A twenty nine year old women with a brain tumor has
chosen to end her own life with her family and friends present. She has set a
date and a method.
Her situation is out of control, but is it
appropriate to take control where she can?
Maynard found out this spring she
has the most lethal form of
brain cancer. Doctors told her she may only have
six months to live. Her medication has drastically changed her appearance, but
she's decided to forgo aggressive treatment and die, as she puts it, with
dignity.
(http://www.cbsnews.com/news/brittany-maynard-dying-with-dignity-before-cancer-takes-her-life).
From a medical standpoint it’s clear that there are those within
that field that understand the choice this patient is making.
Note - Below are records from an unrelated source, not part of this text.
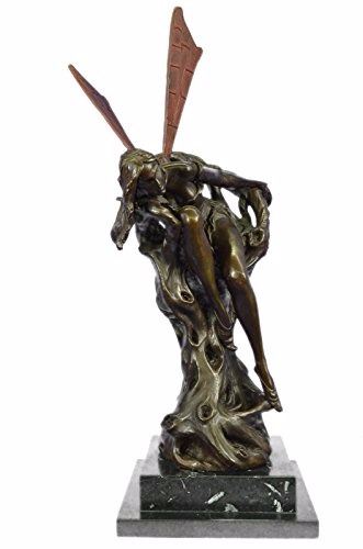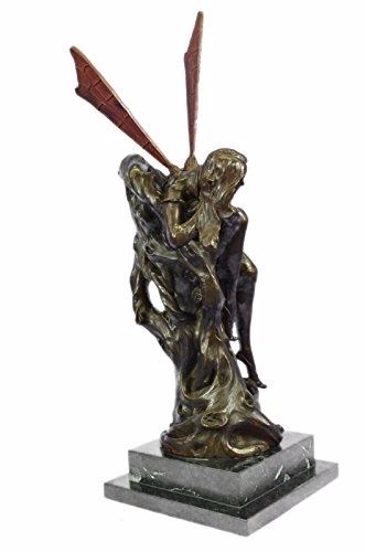 The Fairy Rests In Her Throne Deep In The Forest. Her Flutter Impatiently As She Awaits Her Next Adventure. She Rests But Her Joyous Mind Wonders To The Delights That Exist In Her World, The Flowers, The Scents, And The Beautiful Imagery. This Fun, And Enchanting Sculpture Wax Crafted Using The Lost Wax Method and It Stands On A Black Marble Base. Bronze dimensions with marble base: Height 23 X Width 10 inches. Weight: 30 lbs.
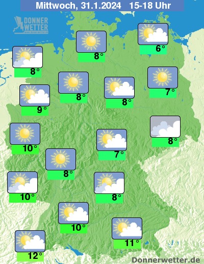 Die Temperaturen erreichen am Nachmittag Höchstwerte um 6 Grad an der Ostseeküste, um 12 Grad am Oberrhein.
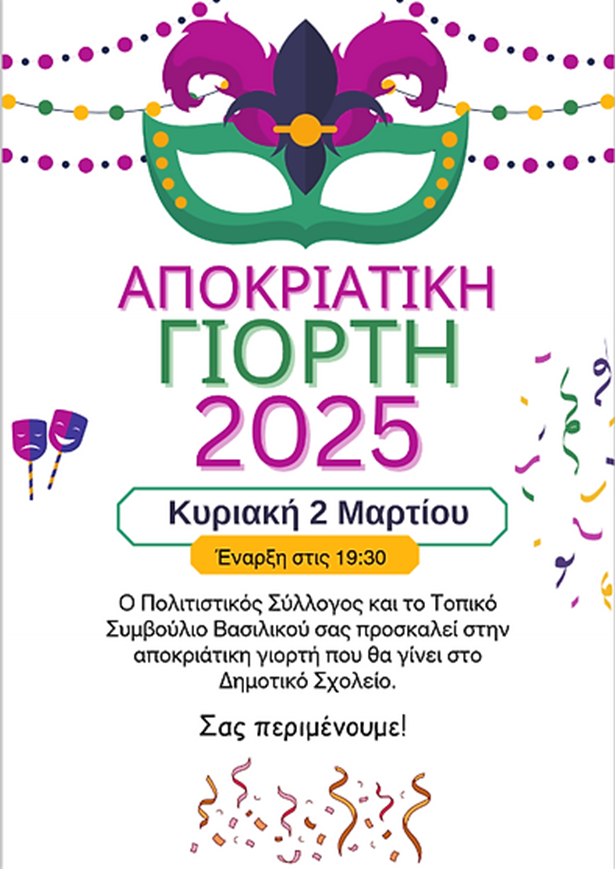 Την Κυριακή στις 19:30 η Αποκριάτικη γιορτή
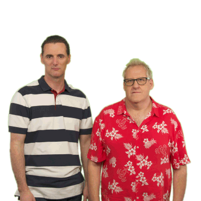 Andrew and Damian from Lego Masters Australia shrug their shoulders, expressing confusion or a lack of knowledge.
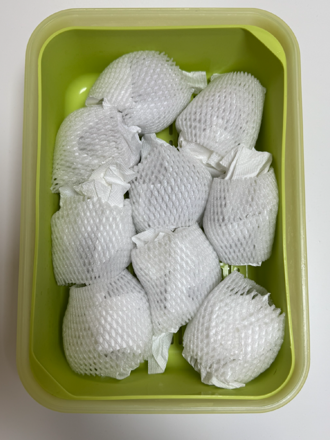 바닥면과 닿아서 무르는 것을 방지하고자 택배 왔을 때 받은 그물망 보호 캡으로 싸주었다.
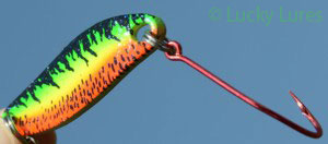 Dieser 10 Gramm schwere CROC mit dem Farbmuster FIRE TIGER ist genauso groß und hat die gleiche Form, wie sein kleiner Bruder eine Gewichtsklasse tiefer. Das hat einen einfachen Grund: er wird aus einem dickeren Metall gefertigt. Mit seiner Länge von 5,5 cm lässt er sich daher weiter werfen und er ist unempfindlicher bei Strömungen und widrigen Windverhältnissen. Die Grundfarben Hellgrün, Gelb und Rot-Orange werden mit kontrastreichen schwarzen Mustern in Flammenform garniert. Zusammen mit der beim Einholen aufblinkenden Nickelbeschichtung auf der Rückseite ist dieser Köder an Auffälligkeit kaum zu überbieten. Alle im Süßwasser raubenden Forellen lieben diesen CROC, aber auch für oberflächennah raubende Meerforellen in Küstenbereichen ist dieser Blinker ideal.
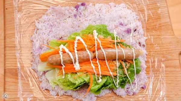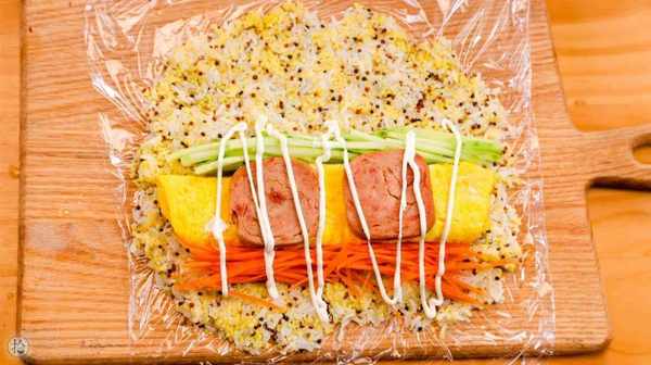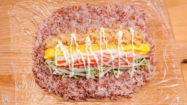 4.依次加入飯團中的食材,蛋餅、胡蘿卜絲、青瓜絲、午餐肉,最後擠上沙拉醬。
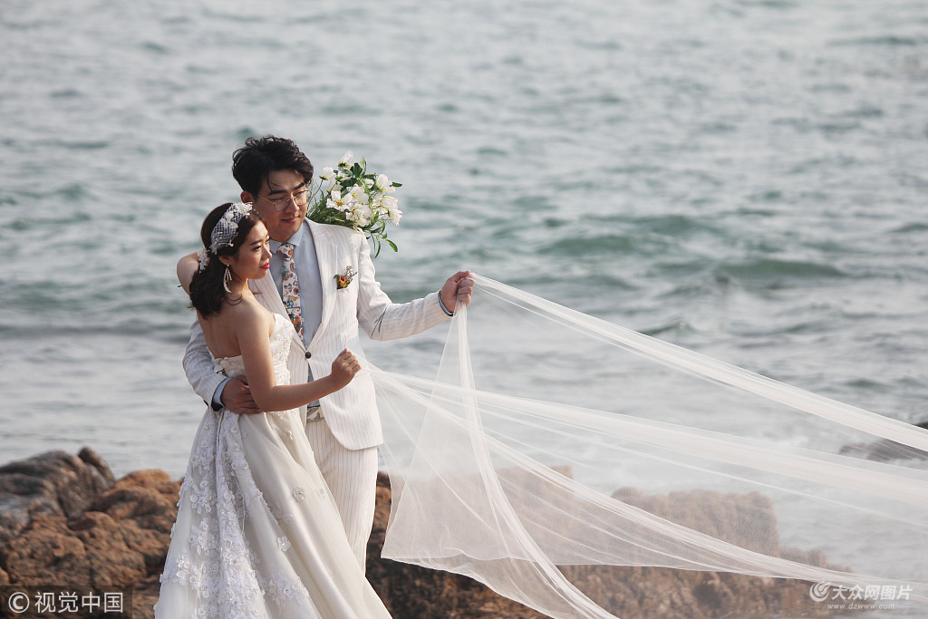 青島:新人扎堆拍婚紗照 海邊定格幸福時光
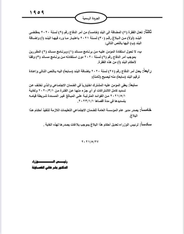 رئيس الوزراء الدكتور بشر الخصاونة يُصدِر البلاغ رقم (37) لسنة 2021م الذي ينظّم استفادة العاملين في منشآت القطاع السياحي من برنامج (استدامة) الذي تقدّمه المؤسّسة العامّة للضمان الاجتماعي.
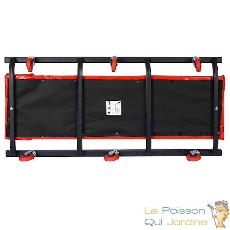 La stabilité du chariot est assurée par son cadre en acier durable, ce qui lui permet de supporter une charge maximale de 150 kg en toute sécurité. Les dimensions généreuses du chariot, mesurant 915 x 430 x 105 mm, avec des tubes de cadre de 25 x 25 mm, offrent une surface de travail adéquate pour diverses tâches d'entretien et de réparation. Disponible en couleur noire, ce chariot est également proposé en rouge et noir pour s'adapter à la préférence de l'utilisateur.
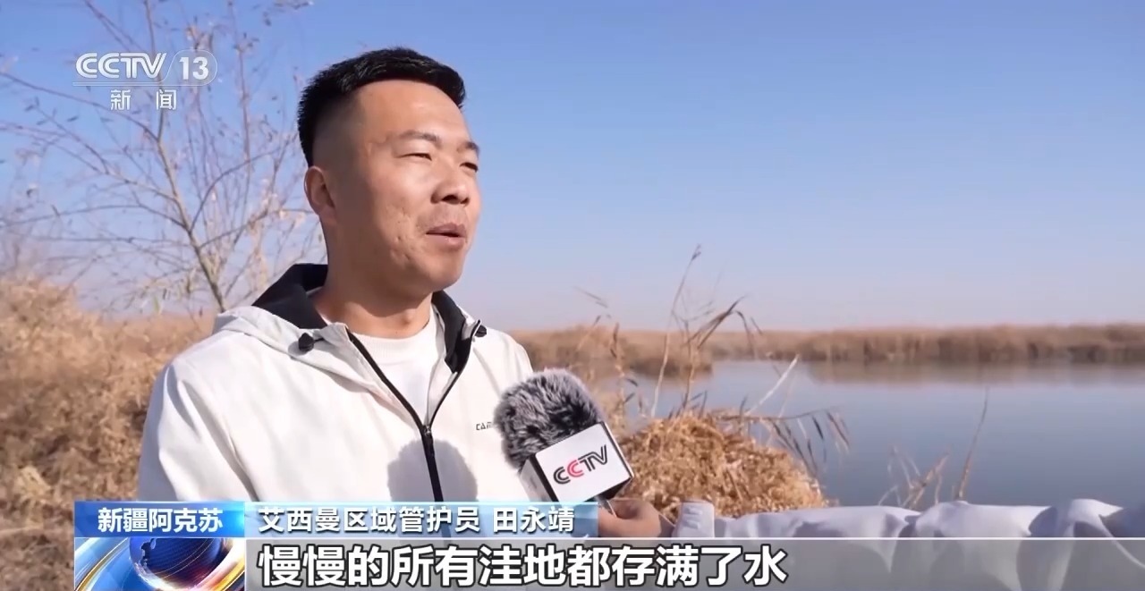 艾西曼區(qū)域管護員 田永靖:再生水過來之后,慢慢所有洼地都存滿了水,變成了現(xiàn)在所看到的濕地,這一大片的蘆葦現(xiàn)在長勢都特別不錯。

"University of Southern California Norris Westside Cancer Center
director Dr. David Agus said on "CBS This Morning." "We can take
away pain, we can take away symptoms that you may have, but at the same time,
we can't restore dignity," he said. He also sees her story as a two-fold
failure of the medical system. “One is, we can't treat this horrible
cancer," he said. "And the second is, she and most cancer patients
don't trust physicians to be able to alleviate most of the symptoms at the end
of life and restore dignity (http://www.cbsnews.com/news/brittany-maynard-dying-with-dignity-before-cancer-takes-her-life).
It’s an area where the U.S.
health care system is falling short, according to renowned surgeon,
best-selling author and New Yorker writer Dr. Atul Gawande “You don’t
have to spend much time with the elderly or those with terminal illness to see,
over and over and over again, how medicine fails the people it is supposed to
help,” says Gawande, who practices at Brigham and Women’s Hospital and
Dana-Farber Cancer Institute in Boston. “Hope is not a plan. We find from our
trials that we are literally inflicting therapies on people that shorten their
lives and increase their suffering, due to an inability to come to good
decisions.” (http://www.pbs.org/wgbh/pages/frontline/inside-frontline/how-should-doctors-help-terminally-ill-patients-prepare-for-death).
The bottom line is she going
to die and will do it her way.
This to me seems no different than anyone else who is contemplating suicide. they may not have brain cancer and short time to live. But, they do have problems too and want to die because of them. What defines "dignity"? do we think of someone who suffers through the pain and suffering of a disease to have no dignity? I understand that pain can get so bad that a person would want to die but that doesn't mean it should be acted upon.